* _PROBLEM TO SOLVE_
Reproduce exactly, leaving out pictures, each line from the one holding "MERCEDES-BENZ Clase A, Diesel, año" through the final line of the listing, and add nothing.

* _SUPPLIED INFORMATION_
┄┄┄┄┄┄┄┄┄┄┄┄┄┄┄┄┄┄┄┄
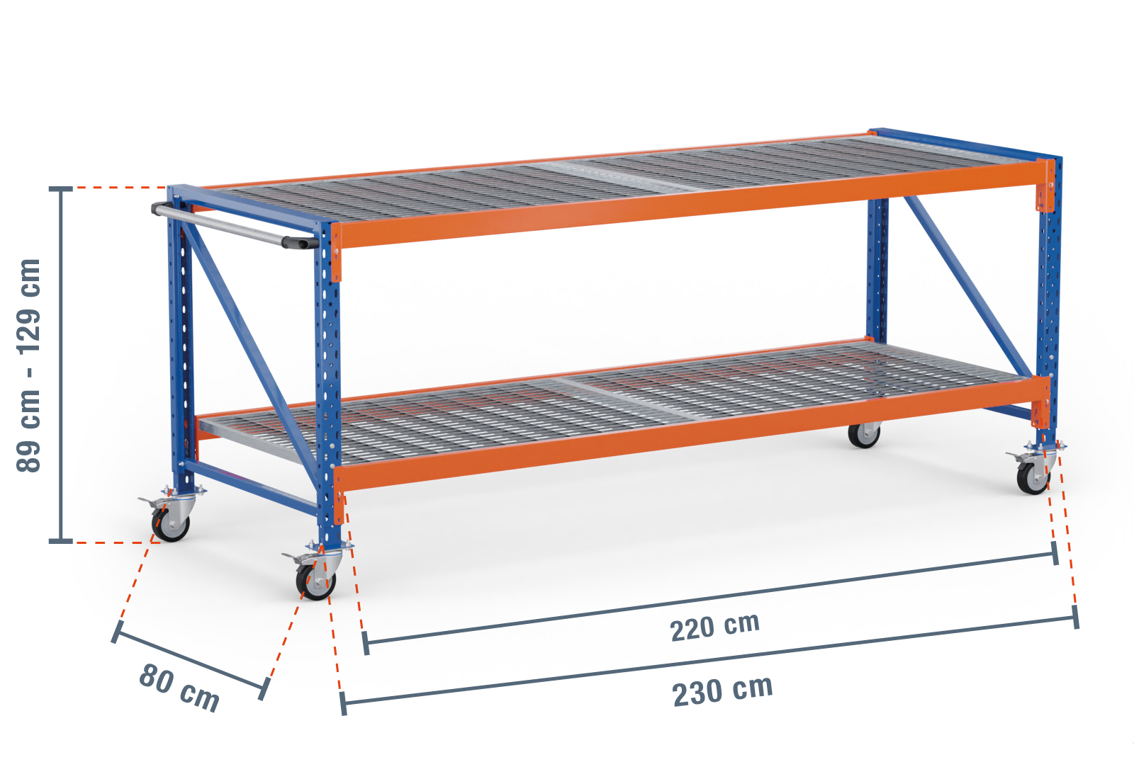 2,3 m table de travail mobile MFW1000-AT / profondeur 80 cm / hauteur 890 - 1.290 mm / 2 niveaux / platelage Grillage
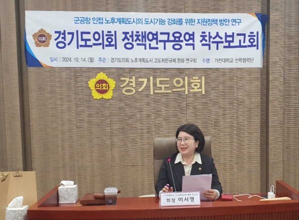 [금요저널] 경기도의회 교육행정위원회 이서영 의원은 고도제한 규제가 적용되는 지역의 도시기능을 강화하기 위한 ‘군공항 인접 노후계획도시의 도시기능 강화를 위한 지원 정책 방안 연구’의 착수보고회가 14일 교육행정위원회 회의실에서 개최했다고 밝혔다.
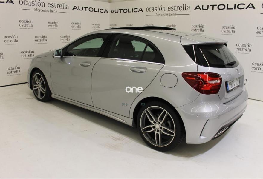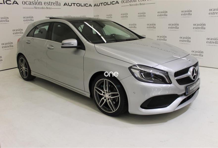 MERCEDES-BENZ Clase A, Diesel, año 2017, 26427 kilómetros, color Gris / Plata metalizado, precio 25400€. Audio 20 CD con preinstalación para Garmin MAP PILOT,Línea AMG Line,Navegador Garmin® MAP PILOT,Arranque sin llave KEYLESS-GO,Paquete Retrovisores,Techo corredizo panorámico eléctrico de cristal,Tela Messancy/símil cuero ARTICO Negro,Plata Polar (metalizado),Pintura metalizada,7G-DCT cambio automático de doble embrague,DYNAMIC SELECT,Cámara de marcha atrás con líneas de guía en la pantalla,Piloto automático para aparcar. Mercedes-Benz Certified. Vehículos seminuevos de Mercedes Benz con kilometraje certificado, con menos de 150.000 kms y hasta 6 años de antigüedad, revisados cuidadosamente para que puedas disfrutar de tu vehículo como si lo fueras a estrenar.
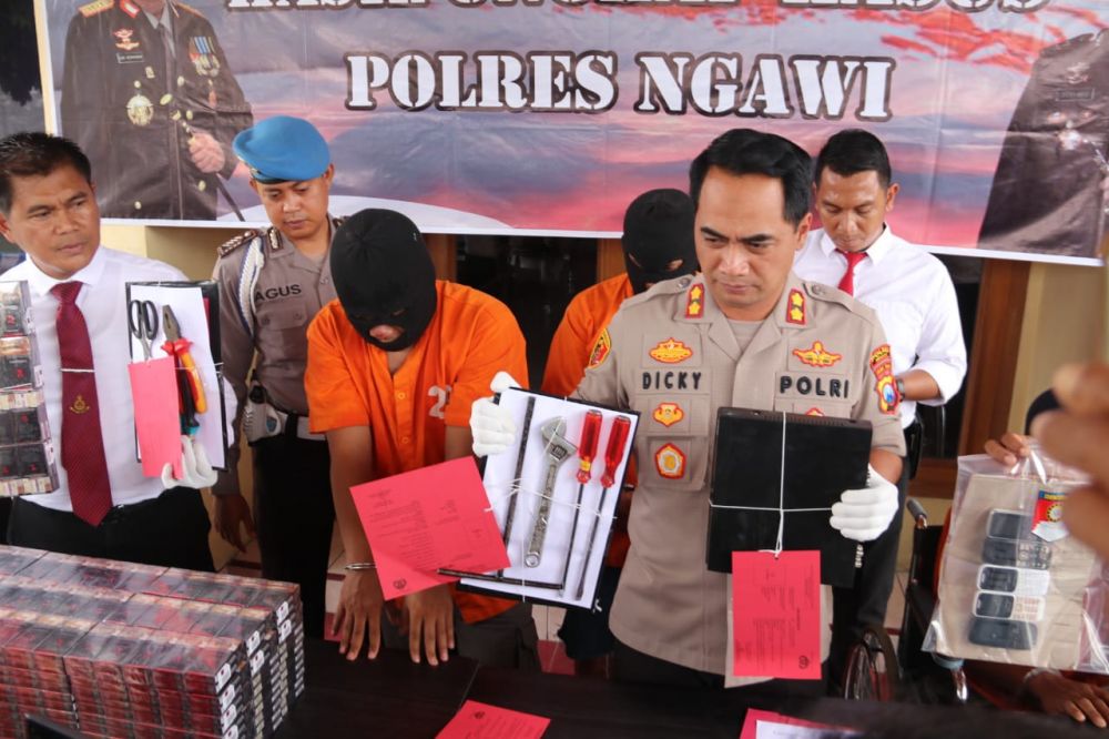 Patroli Senin, 09 Mar 2020 14:17 WIBjatimnow.com - Komplotan pembobol minimarket Alfamart antar provinsi diringkus Sat Reskrim Polres Ngawi. Tiga orang diringkus dan dua diantaranya ditembak di bagian kaki karena melawan.
┄┄┄┄┄┄┄┄┄┄┄┄┄┄┄┄┄┄┄┄
* _SOLUTION TO THIS PROBLEM_
 MERCEDES-BENZ Clase A, Diesel, año 2017, 26427 kilómetros, color Gris / Plata metalizado, precio 25400€. Audio 20 CD con preinstalación para Garmin MAP PILOT,Línea AMG Line,Navegador Garmin® MAP PILOT,Arranque sin llave KEYLESS-GO,Paquete Retrovisores,Techo corredizo panorámico eléctrico de cristal,Tela Messancy/símil cuero ARTICO Negro,Plata Polar (metalizado),Pintura metalizada,7G-DCT cambio automático de doble embrague,DYNAMIC SELECT,Cámara de marcha atrás con líneas de guía en la pantalla,Piloto automático para aparcar. Mercedes-Benz Certified. Vehículos seminuevos de Mercedes Benz con kilometraje certificado, con menos de 150.000 kms y hasta 6 años de antigüedad, revisados cuidadosamente para que puedas disfrutar de tu vehículo como si lo fueras a estrenar.
 Patroli Senin, 09 Mar 2020 14:17 WIBjatimnow.com - Komplotan pembobol minimarket Alfamart antar provinsi diringkus Sat Reskrim Polres Ngawi. Tiga orang diringkus dan dua diantaranya ditembak di bagian kaki karena melawan.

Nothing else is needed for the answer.